To elaborate on the calculus based method (which, in comparison to the other solutions here, I do not recommend), if we let $f=X^4−6X^3+13X^2+aX+b$, then we have double roots at $r$ and $s$ if $GCD(f,f')=k(x-r)(x-s)$ for some non-zero constant $k$. Going through the Euclidean algorithm to find $GCD(f,f')$, the first remainder we get is (up to a factor) $2X^2-6X(13+a)-(3a+8b)$, which cannot be $0$ for any choice of $a$ and $b$. Since we need that the greatest common divisor be quadratic, the next remainder has to be zero. Proceeding, the next remainder is $(104a+9a^2 +276b + 24ab)+2x(1352+222a+9a^2+4b)$. Therefore, we must have that both coefficients are zero.

Since $b$ appears linearly in both coefficients, we can solve for $b$ and set both expressions equal to each other to yield that $-b=\frac{1}{4}(9a^2+222a+1352)=\frac{9a^2+104a}{12(23+2a)}$. This gives a cubic equation for $a$, and once solved, yields $b$ too.

This can in principle be solved using Cardano's formula, or otherwise, and has the "advantage" that it does not require the intermediate step of writing things in terms of the roots. On the other hand, dealing with cubics is a huge pain.

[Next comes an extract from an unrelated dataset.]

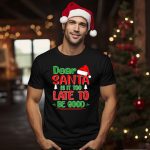 Get into the festive spirit with our “Dear Santa Is It Too Late To Be Good” Christmas T-shirt! This fan-made design is perfect for anyone who loves to celebrate the holiday season with a touch of humor. Made for casual wear, themed events, or simply to bring a smile to your daily attire, this shirt is a delightful choice for holiday gatherings, family photos, or cozy nights at home. Crafted with care and printed in the USA, it’s a unique addition to your all-season wardrobe that spreads joyful cheer wherever you go.
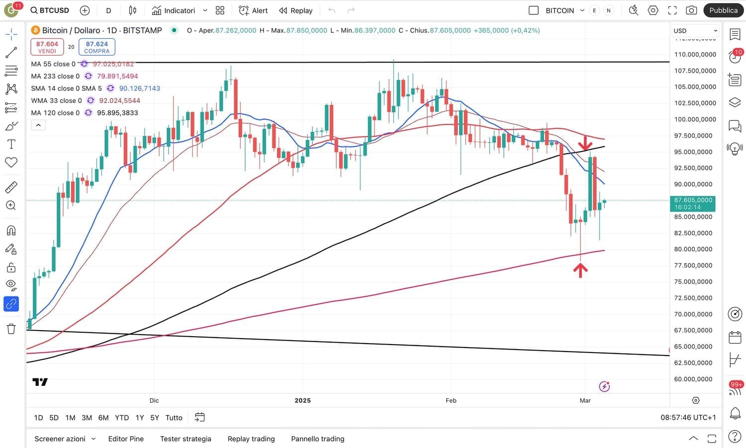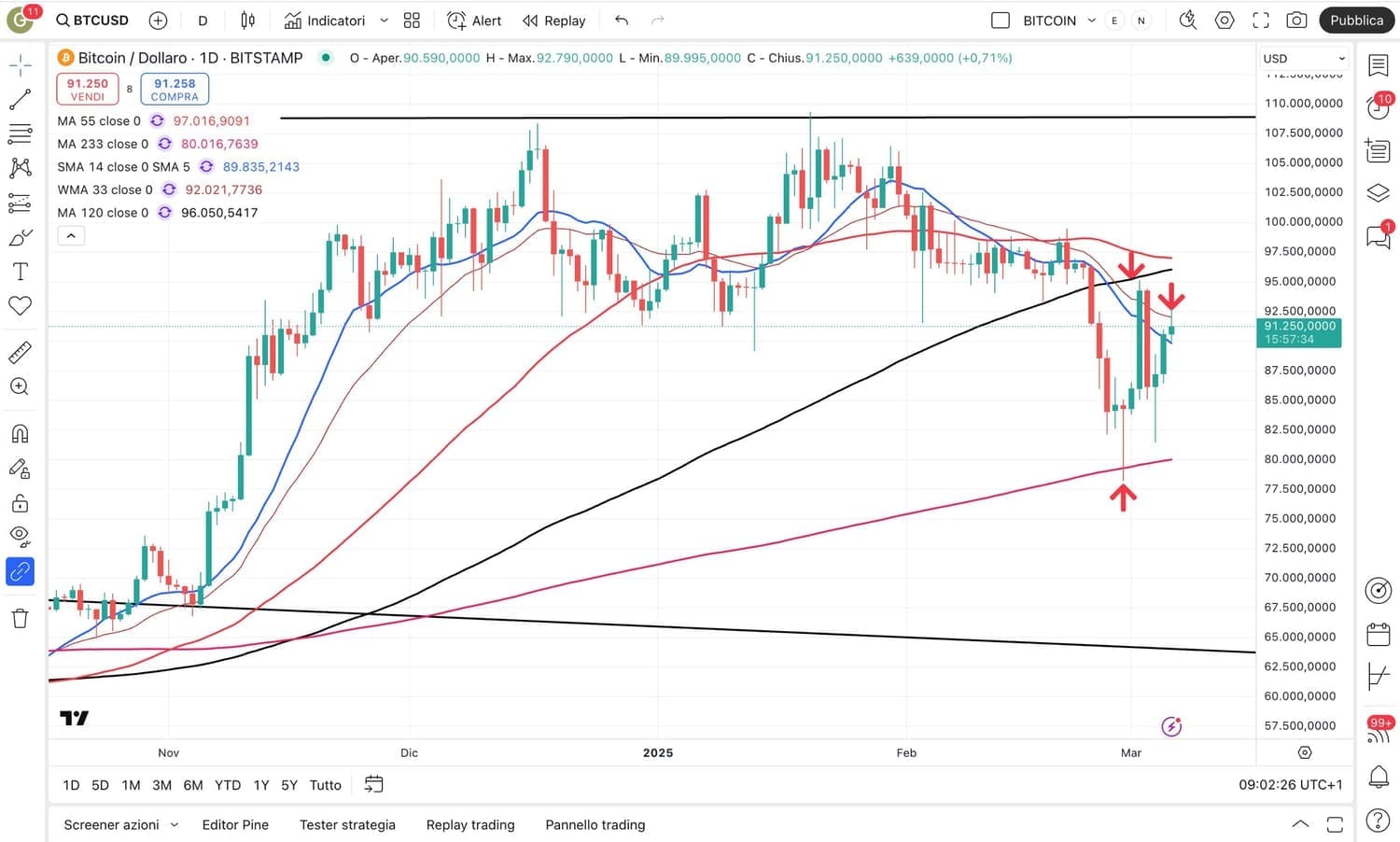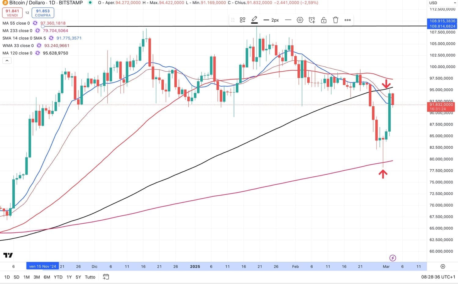 Nel week-end dunque è avvenuto un poderoso rimbalzo, che ha riportato il prezzo a testare la RESISTENZA attorno ai 95000 dollari, dove passava la MEDIA MOBILE nera a 120 periodi.

A hybrid of this method and the other method might be to use the fact that, if the roots of $f$ are $r$ and $s$ (each with multiplicity $2$), then $2X^2−6X(13+a)−(3a+8b)$ has roots $r$ and $s$. We then have that $r+r+s+s=6$ and $r+s=3(13+a)$, so $a=-12$.

Then, the equation $1352+222a+9a^2+4b=0$, simplifies to $-16+4b=0$, or $b=4$.